◆ The task: Without any pictures, print exactly the lines that run from the start of the data through the line containing "和红豆准备去吃点东东,第一次".

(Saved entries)
◆ ◆ ◆

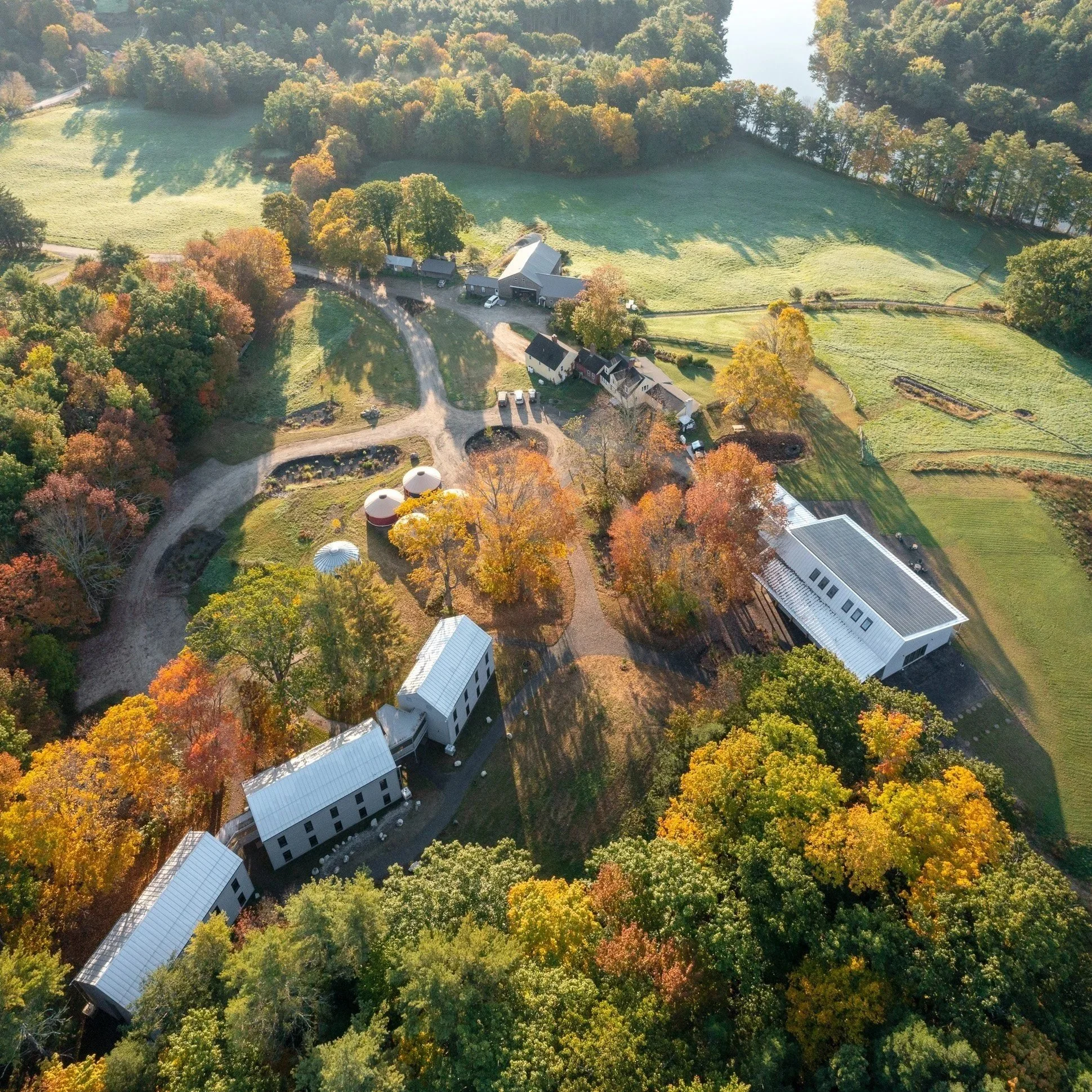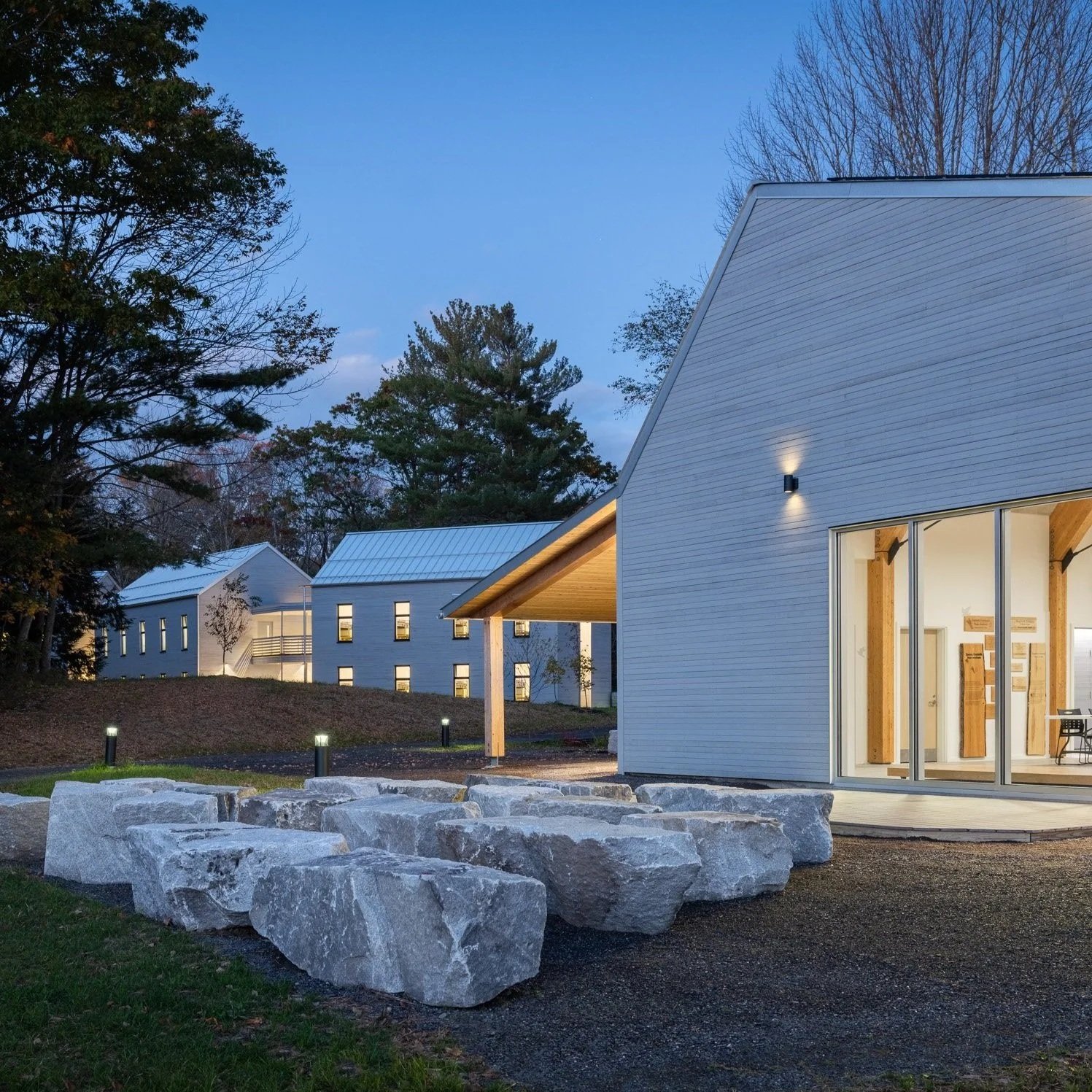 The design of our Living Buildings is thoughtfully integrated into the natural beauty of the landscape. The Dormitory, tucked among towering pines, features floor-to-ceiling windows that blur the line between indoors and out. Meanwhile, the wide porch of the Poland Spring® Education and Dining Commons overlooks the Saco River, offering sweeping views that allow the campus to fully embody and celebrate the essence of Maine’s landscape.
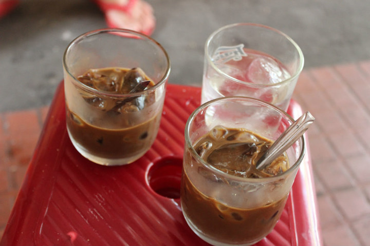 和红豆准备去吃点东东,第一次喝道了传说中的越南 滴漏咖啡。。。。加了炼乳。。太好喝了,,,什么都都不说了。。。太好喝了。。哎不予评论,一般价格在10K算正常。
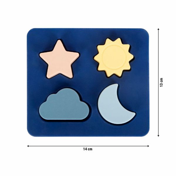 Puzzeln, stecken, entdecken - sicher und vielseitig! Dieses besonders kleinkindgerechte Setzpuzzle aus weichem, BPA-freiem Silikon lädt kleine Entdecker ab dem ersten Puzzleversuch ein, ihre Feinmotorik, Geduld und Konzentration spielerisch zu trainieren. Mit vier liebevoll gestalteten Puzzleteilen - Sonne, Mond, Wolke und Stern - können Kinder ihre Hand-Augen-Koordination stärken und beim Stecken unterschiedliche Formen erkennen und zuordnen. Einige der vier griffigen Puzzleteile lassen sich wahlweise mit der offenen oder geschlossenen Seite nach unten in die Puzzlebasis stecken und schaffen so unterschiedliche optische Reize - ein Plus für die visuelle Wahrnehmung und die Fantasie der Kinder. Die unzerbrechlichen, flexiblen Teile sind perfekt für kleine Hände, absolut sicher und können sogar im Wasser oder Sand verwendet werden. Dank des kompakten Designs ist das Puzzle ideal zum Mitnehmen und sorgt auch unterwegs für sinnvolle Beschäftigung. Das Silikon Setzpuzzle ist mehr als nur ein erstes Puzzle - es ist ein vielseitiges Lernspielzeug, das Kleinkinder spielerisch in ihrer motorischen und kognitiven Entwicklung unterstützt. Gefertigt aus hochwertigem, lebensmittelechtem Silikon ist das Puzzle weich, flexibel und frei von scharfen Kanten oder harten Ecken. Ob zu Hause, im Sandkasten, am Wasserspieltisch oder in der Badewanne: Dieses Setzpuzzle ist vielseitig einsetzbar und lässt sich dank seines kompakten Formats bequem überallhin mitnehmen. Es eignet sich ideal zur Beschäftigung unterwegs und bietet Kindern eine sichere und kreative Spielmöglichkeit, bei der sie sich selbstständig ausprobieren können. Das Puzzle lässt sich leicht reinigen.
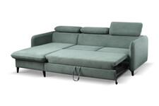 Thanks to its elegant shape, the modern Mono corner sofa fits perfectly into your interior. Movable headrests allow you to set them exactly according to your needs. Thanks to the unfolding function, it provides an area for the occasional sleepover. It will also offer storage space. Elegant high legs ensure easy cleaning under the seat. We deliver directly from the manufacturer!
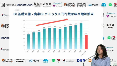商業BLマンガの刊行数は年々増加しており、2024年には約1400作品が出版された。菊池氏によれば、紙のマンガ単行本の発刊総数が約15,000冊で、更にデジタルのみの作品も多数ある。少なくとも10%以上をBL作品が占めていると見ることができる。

◆ ◆ ◆

◆ Reply:
 The design of our Living Buildings is thoughtfully integrated into the natural beauty of the landscape. The Dormitory, tucked among towering pines, features floor-to-ceiling windows that blur the line between indoors and out. Meanwhile, the wide porch of the Poland Spring® Education and Dining Commons overlooks the Saco River, offering sweeping views that allow the campus to fully embody and celebrate the essence of Maine’s landscape.
 和红豆准备去吃点东东,第一次喝道了传说中的越南 滴漏咖啡。。。。加了炼乳。。太好喝了,,,什么都都不说了。。。太好喝了。。哎不予评论,一般价格在10K算正常。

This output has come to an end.